(Information shown begins)

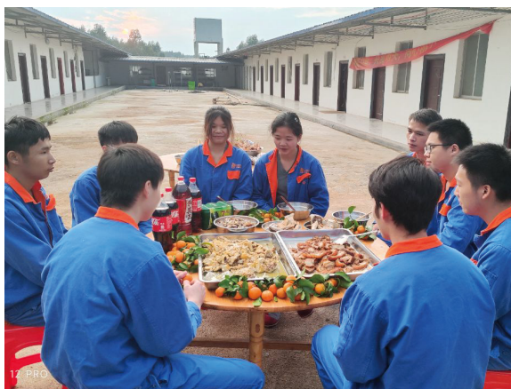
广西大区-宏源育肥场
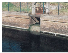
宮田導水路 （雑排水流入）
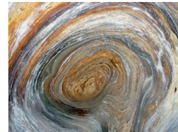
Gletschermühle zwischen Vals und Zervreila

(Information shown ends)

* [Directions] Once the pictures are removed, copy the listing exactly.

* [Task answer]
广西大区-宏源育肥场
宮田導水路 （雑排水流入）
Gletschermühle zwischen Vals und Zervreila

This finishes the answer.